Swimming is also a perfect low impact aerobic workout that allows you to work on your cardiovascular health, when other exercises such as running, rowing and even cycling are impossible without pain. As with all exercise, is it important that you remember to warm up and cool down, especially if you have an existing injury! Jumping straight into an intense swimming session without warming up first is likely to put you at risk of further injury.

3 Tips and Tricks when Swimming with Back Pain

1) Pull Drill: This drill involves the elimination of any leg movement, focusing only on arm movements to move through the water. This will take pressure off your back and allow you to stretch your back muscles.

2) Keep a Neutral Spine: The type of stroke and movement you can perform in the pool comes down to the underlying cause of your back pain. For example, performing the butterfly stroke forces you to arch your spine which puts pressure on the joints of the spine, leading to worse pain. On the other hand, hyperextension of the spine can put the muscles and ligaments of the back in a compromised position, increasing the chance of re-injury.

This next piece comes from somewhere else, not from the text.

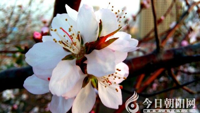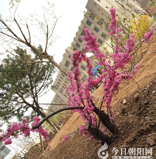 四下望去,目光忽然被樓下小花園里的桃樹吸住。不知何時,樹上的桃花竟然綻放得妖艷多姿,盡顯盎然春意,讓人無盡遐思。北方的冬季長,很難界定春季到來的時間,于是我們就看街邊的桃花,桃花放了,春季就到了,于是忙不迭地脫去厚重的冬裝,享受春的快感。在桃花的映襯下,街上的景致真的是美不勝收。

3) Water Aerobics: Maybe your injury is too severe to perform any sort of horizontal swimming motion, not to worry! Water aerobics, such as walking / jogging in the water allows you condition your core and back muscles without compromising positioning and is the perfect way to build up to the full strokes.

The Mental Benefits of Swimming

Chronic back pain is not only physically exhausting but mentally as well. Unlike pain in other areas of the body, pain in the back is very hard to avoid during day to day life. When even sitting, or lying still doesn’t relieve the pain, it can become very draining and have a negative effect on moral.

Swimming provides a welcome mental break, allowing you to take your mind of the pain for a short while. This is beneficial for your mental health and how you tackle your rehab going forward.

How to get Started at Bringing Swimming into your Life

So now we have established swimming to be of great mental and physical benefit to those with chronic back pain, how do you get started? Fortunately, pools are common place in almost every town and city, there is no excuse! But how do you find the motivation to take that first step?

1) Make it a social occasion: Going to the pool on your own may seem like a daunting experience, especially if you haven’t swum in a while. Find a group session at the local pool and go for it. Having people to work out with increases the chance you make it a lifestyle habit.

2) Swim first thing in the morning: Going to the pool in the morning is a sure-fire way to set up a happy and healthy day. You get to enjoy an empty pool and reap the physical and mental benefits of swimming.​​​​​​​
Living with back pain can be an extremely physically and mentally draining experience, with seemingly no end in sight. However, don’t give up hope. Swimming may just provide that spark of hope and mental relief you need. Finding a friend or group class is the ideal kick start into the world of swimming to build your confidence and enjoyment.

But you don’t have to take our word for it. Get out there and try it for yourself and enjoy the benefits swimming has to offer your back pain.